Western leadership is a meritocracy where the most driven, talented, hardest working and ambitious are given the responsibility for those cannot make it to the top. Everyone knows the rules and the system works pretty well. The American version is at one end where the degree of ruthlessness is more pronounced and accepted. Other Western nations have less stringent variations, but fundamentally follow the same basic ideas about who deserves to be a leader. What happens when you put these leaders in charge of a Japanese team?
The hero’s journey is not pronounced so much in Japan because the hero cannot make it alone. Here the team is required to pull together as a unit and strengths and weaknesses are evened out across jobs and personalities. The idea of 1 + 1 = 5 is often talked about in the West as a aspiration but in Japan it is the reality. The component parts are harmonised and concentrated to get the results. Individual requirements are not promoted above the good of the group.
Landing into Tokyo and applying the Western hard driving leadership model will end in tears for everyone and make the newbie’s stay here brief and frustrating. Intangibles are important and connections is a big one. I remember a previous staff member of mine seeking advice on what to do about his new bolshie boss. I told him to hang in there and wait until to he got posted somewhere else. Unfortunately, he couldn’t bear it anymore and quit. When he quit, 200 others quit as well. They weren’t other staff, they were key relationships in that industry built up over multiple decades. My previous staff member was no doubt was replaced but those relations of his will only be replaced over decades to come and that loss is huge. The new broom was clueless about that aspect, because he thought he was getting the staff aligned with the new direction. His own glorious career was uppermost in his mind as he wrought havoc left and right.
As I have talked about before, getting change in Japan is tough, tough, tough. It is also tough for Japanese leaders too and requires immense amounts of time to be invested and one-on-one persuasion. This effort requires trust, communication and persuasion skills. Imagine trying to do that where there is no common language level capability. Mistakes, misunderstandings and confusion are bound to be the product of two people trying to communicate but doing so imperfectly. Also imagine if in 2023 you were illiterate and trying to run a complex organisation. That is the reality for maybe 99% of foreign leaders in Japan, because few speak Japanese and even fewer can read or write in Japanese. It is hard to be majestically self-assured when you cannot read or write.

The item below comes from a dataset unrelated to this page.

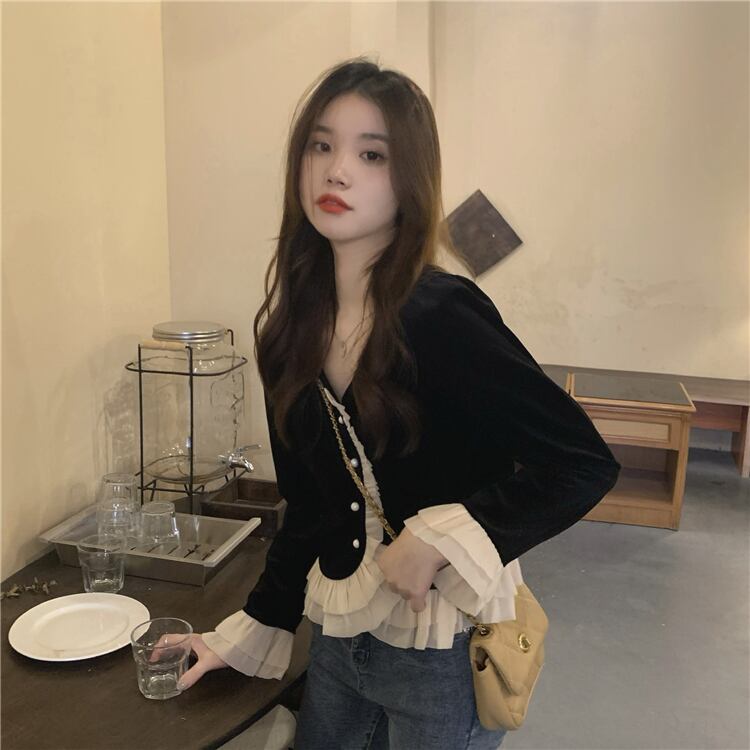 トップス シャツ ブラウス 袖あり 長袖 フレアスリーブ Vネック フリル 切り替えデザイン ドッキング かわいい 大人可愛い きれいめ シンプル おしゃれ お洒落 かっこいい レトロ 大人女子 ラブリー キュート ガーリー 個性的 クール エレガント モダン 主役級 存在感 フォーマル 無地 春 秋 冬 10代 20代 30代 40代 50代 60代 レディース 女性用 ママ お出かけ 休日 モテ インスタ映え サイズ S M L XL 2XL 小さいサイズ 大きいサイズ 色展開 黒 ブラック | Bonny Me

“All of our staff speak English”, is the supposed antidote to the plight of the illiterate leader. Just to make it more interesting, as foreign leaders we speak too quickly, to directly and pepper our language with idioms and uncommon phrases. Even as a foreigner here, I find American English can be challenging, because I didn’t watch their television programmes and I didn’t grow up there. I don’t listen to rap music and I don’t watch many movies these days. Sometimes I have no idea what they are talking about and have to ask for a clarification. Now I am a native speaker, who coming from sporty Australia and fairly used to sporting metaphors. If I have grown up in Japan though and English is a language I have earnt at school and varsity, there are bound to be huge gaps in understanding. Being a diligent Japanese team member, I won’t embarrass the boss by admitting their communication is flawed and that I have little clue as to what they are talking about. I will nod, smile and act polite and wonder what is going on.

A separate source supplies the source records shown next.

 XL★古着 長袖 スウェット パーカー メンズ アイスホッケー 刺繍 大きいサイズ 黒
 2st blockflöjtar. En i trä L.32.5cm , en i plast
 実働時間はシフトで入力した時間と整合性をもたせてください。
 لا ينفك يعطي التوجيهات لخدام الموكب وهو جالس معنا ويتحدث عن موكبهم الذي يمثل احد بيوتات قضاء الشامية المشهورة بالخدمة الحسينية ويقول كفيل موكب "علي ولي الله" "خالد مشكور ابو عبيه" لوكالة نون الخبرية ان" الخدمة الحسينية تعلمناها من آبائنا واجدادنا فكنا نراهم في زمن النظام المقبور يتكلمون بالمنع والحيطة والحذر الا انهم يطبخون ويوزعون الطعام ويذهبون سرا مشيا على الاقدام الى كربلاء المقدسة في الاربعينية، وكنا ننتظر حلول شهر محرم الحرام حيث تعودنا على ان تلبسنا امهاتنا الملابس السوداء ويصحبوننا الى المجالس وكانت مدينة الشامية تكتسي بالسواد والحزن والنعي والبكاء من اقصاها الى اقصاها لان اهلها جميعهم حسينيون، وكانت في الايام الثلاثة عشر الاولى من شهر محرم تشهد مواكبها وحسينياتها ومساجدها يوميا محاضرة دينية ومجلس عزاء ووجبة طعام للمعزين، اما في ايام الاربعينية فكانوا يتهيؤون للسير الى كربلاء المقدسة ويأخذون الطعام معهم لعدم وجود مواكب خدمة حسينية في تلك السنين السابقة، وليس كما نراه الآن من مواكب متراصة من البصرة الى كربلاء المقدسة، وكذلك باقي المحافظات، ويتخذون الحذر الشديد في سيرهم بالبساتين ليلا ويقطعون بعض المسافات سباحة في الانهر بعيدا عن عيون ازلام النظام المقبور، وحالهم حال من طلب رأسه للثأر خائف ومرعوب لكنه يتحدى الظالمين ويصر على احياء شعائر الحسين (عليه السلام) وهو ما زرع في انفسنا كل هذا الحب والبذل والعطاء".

Pushing a piece of string is a good metaphor for the driving foreign leader in Japan. Strength of will, will only get us so far in our own cultures and will basically get you nowhere here because that isn’t how things work. Firing people who won’t do what you want isn’t considered a valid reason for termination in Japan, so persuasion is the required method. Often the reason is related to the client relationship. The foreign boss may be here for three to five years, but the client is here forever, long after the memory of that pesky boss has faded away.
Also we should add in time – lots of time. If you are in a hurry, then you are piling on heaps of unnecessary pressure. Rushing things through, getting lots of stuff done, making quick decisions and driving the results are the hallmark of the successful boss in the West. That would be a list very hard to apply to most Japanese leaders. Quick decision making here is seen as being flippant and not being considered enough, not taking the time to gather the facts and information needed to make the right decision.
In fact, rather than the right answer, Japan is more concerned in getting the question right. Think about that and you see what a different approach is being taken here. Japanese leaders are masters at building a consensus, smoothing out obstacles and finding a harmonious path forward. They don’t want hidden resistance and slowing down the execution of the decision. They know the clients and the staff and they know the limits of how far they should push and where they should compromise today for the future benefit.
Humility and a desire to learn new skills and methods is a worthy set of aspirations for the foreign leader transplanted here for a few years, rather than imagining business infrastructure and customs have to now change because the foreign leader has now landed at Haneda. Japan has a lot to teach us and we should be open to the lessons, because these will hold us in good stead whereever we go in the world.